Legislative session ends with improvements to medical marijuana program; Supreme Court rules infused products are legal under medical law
Last update: July 10, 2019
Marijuana policy reform advocates in Arizona have seen important progress this year. In May, the state legislature adjourned and sent medical marijuana reform legislation to Gov. Doug Ducey. The bill, which the governor signed, requires dispensaries to have all medical marijuana tested by third-party laboratories for potency and contaminants by Nov. 1, 2020. The new law also makes patient registry cards valid for two years instead of one, which will save each of the state’s roughly 200,000 patients hundreds of dollars over the next decade.
In May, the Arizona Supreme Court ruled that concentrates, edibles, and other infused products are legal under the state’s medical marijuana law, ending a controversy based on an inaccurate reading of the 2010 voter-backed law.
A March 2019 poll showed a majority of likely Arizona voters support legalizing marijuana for adult use, with only 41% opposed. Advocates are preparing a campaign, and many predict legalization will appear on the state’s 2020 ballot.
Medical marijuana in Arizona
On November 2, 2010, Arizona voters enacted a medical marijuana initiative — Proposition 203 — with 50.13% of the vote. Arizona Department of Health Services (DHS) finalized dispensary and registry identification card regulations on March 28, 2011. On April 14, 2011, it began accepting applications for registry cards that provide patients and their caregivers with protection from arrest. DHS was preparing to accept dispensary applications starting in June and to register one dispensary for every 10 pharmacies in the state, totaling 125. However, on May 27, 2011, Gov. Jan Brewer led a federal lawsuit seeking a declaratory judgment on whether Arizona’s new medical marijuana program conflicted with federal law. Her lawsuit was rejected in 2012.
To qualify under Arizona’s program, patients must have one of the listed debilitating medical conditions: cancer; HIV/AIDS; hepatitis C; glaucoma; multiple sclerosis; amyotrophic lateral sclerosis (ALS); Crohn’s disease; agitation of Alzheimer’s disease; PTSD; or a medical condition that produces wasting syndrome, severe and chronic pain, severe nausea, seizures, or severe and persistent muscle spasms.
Registered patients may possess up to 2.5 ounces of marijuana and may designate one caregiver to possess it on their behalf. Arizona’s law also provides that any patient living 25 miles or more away from a dispensary can cultivate marijuana. Those allowed to cultivate can grow up to 12 plants. Arizona honors visiting patients’ out-of-state registry identification cards for up to 30 days, but they are not valid for obtaining marijuana.

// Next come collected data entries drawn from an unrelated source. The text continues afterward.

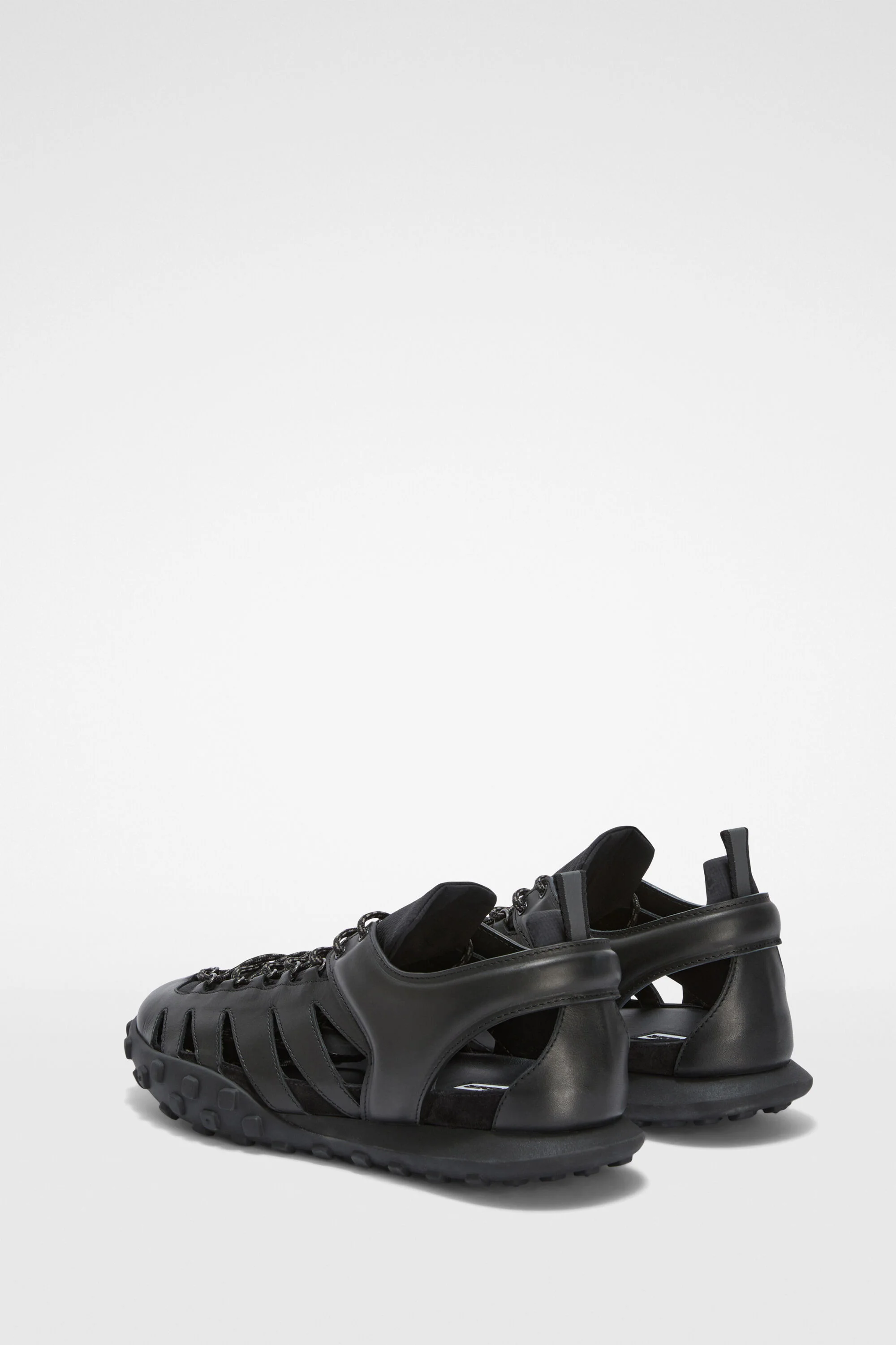 Low-top leather and suede sandal with rubber pebble outersole Details - round toe and lace-up front - leather upper with suede trims and ripstop stretch insert - trekking laces and metallic eyelets - leather insole and lining - rubber pebble outersole with embossed Jil Sander logo - back pull tab - Jil Sander logo branded insole - 100% calf leather - made in Italy - StyleID: J33WS0048P7580001
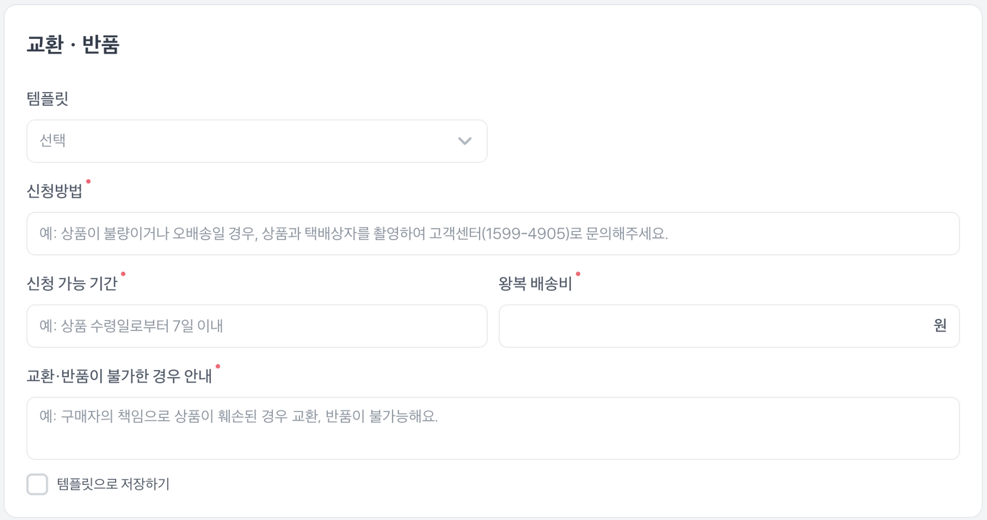 위 상품옵션, 설명 이미지, 배송 정보, 교환/반품 정보 외 다른 항목의 수정이 필요한 경우, 노출중인 상품의 노출을 중단하고 상품 복사를 통해 진행해주세요
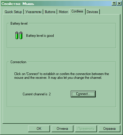 Закладку Motion мы рассматривать не будем (она такая же, как и раньше). Cordless — куда более интересная закладка, присутствующая всегда, когда вы используете любую беспроводную мышь от Logitech (без разницы — оптомеханическую или оптическую, новую или старую). С ее помощью можно оценить уровень заряда элементов питания, а также посмотреть или изменить канал, используемый мышью. Собственно, слежение за энергозапасом очень важная функция MouseWare, ради которой можно даже смириться с некоторыми недостатками программы. Кстати, если батарейки сядут, то определить это можно будет не только по светодиоду на корпусе — на экране появится предупреждение. Однако диалог почему-то не всплывает на передний план, так что его можно и пропустить ненароком.
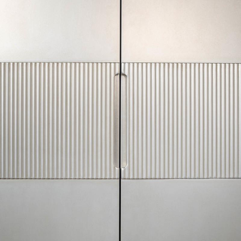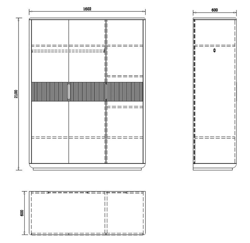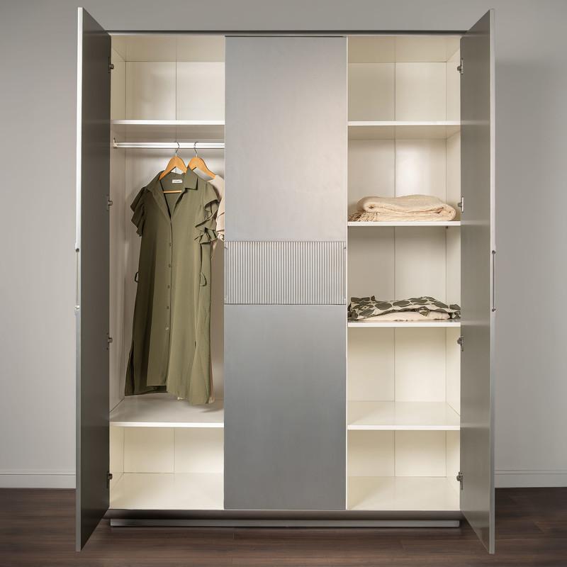 Гардероб Rimini от итальянского бренда Fratelli Barri с 3 распашными дверцами в лаконичном дизайне. Выполнен из высококачественного МДФ. Отделка - лак, цвет - патинированное серебро. Внутри отделка белого цвета. Ручка-выемка на фасаде. Рифленые вставки на фасадах. Внутреннее наполнение: слева широкое отделение с 2-мя полками и штангой, 4 полки в модуле справа. Данный предмет является частью коллекции для спальни. В коллекции представлены кровать, тумбочки и комод в аналогичном дизайне и отделке.
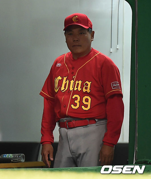 7회말 중국 송핑샨 감독이 경기를 바라보고 있다.
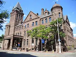 This neighborhood is a Preservation District on the National Register of Historic Places, known as the Madison Square-West Main Street Historic District.[56] It encompasses a three-and-one-half block area within walking distance from downtown Rochester, and comprises residential, commercial and industrial buildings. The center of the residential area is Susan B. Anthony Square, a 0.84-acre (3,400 m2) park shown on city maps from 1839, which was designed by the famous Olmstead Brothers. Also within the neighborhood is the Susan B. Anthony House, which was the suffragist's residence for the last decades of her life, now a museum, as well as the Cunningham Carriage factory built in 1848 on Canal Street. James Cunningham Son & Co. sold more carriages in the United States in the 1880s than all other manufacturers combined. The Canal Street property, which still stands, remained Cunningham's headquarters for more than 100 years.[57]
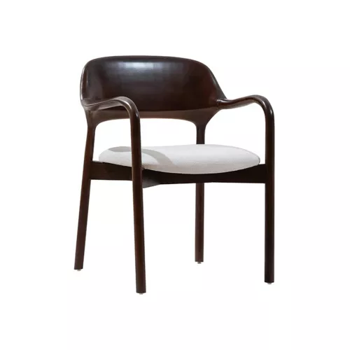 De Arven stoel combineert tijdloos design met duurzaam comfort. Het houten frame en de rugleuning worden aangevuld door een zacht gestoffeerde zitting, terwijl de ronde lijnen van de armleuningen een onderscheidende, elegante uitstraling creëren. Verkrijgbaar in een breed scala aan professionele stoffen, is Arven ideaal voor horecagelegenheden die op zoek zijn naar stijl en duurzaamheid.

The law also includes extensive civil discrimination protections for medical marijuana patients in the areas of employment, housing, education, organ transplants, and child custody, visitation, and parental rights.
The Arizona Legislature has rolled back some of Prop. 203’s protections, like possibly allowing an employer to fire a medical marijuana patient based on a report alleging workplace impairment from a colleague who is "believed to be reliable." The legislature also passed H.B. 2585, which contradicts Prop. 203 by adding medical marijuana patient data to the prescription drug-monitoring program. In 2015, the legislature undermined patient protections again with the passage of H.B. 2346, which specifies that nothing requires a provider of workers’ compensation benefits to reimburse a person for costs associated with the medical use of marijuana.
In September 2017, the Arizona Department of Child Services issued a new regulation saying that if an individual is a medical marijuana patient, then he or she would not be eligible to become a foster parent.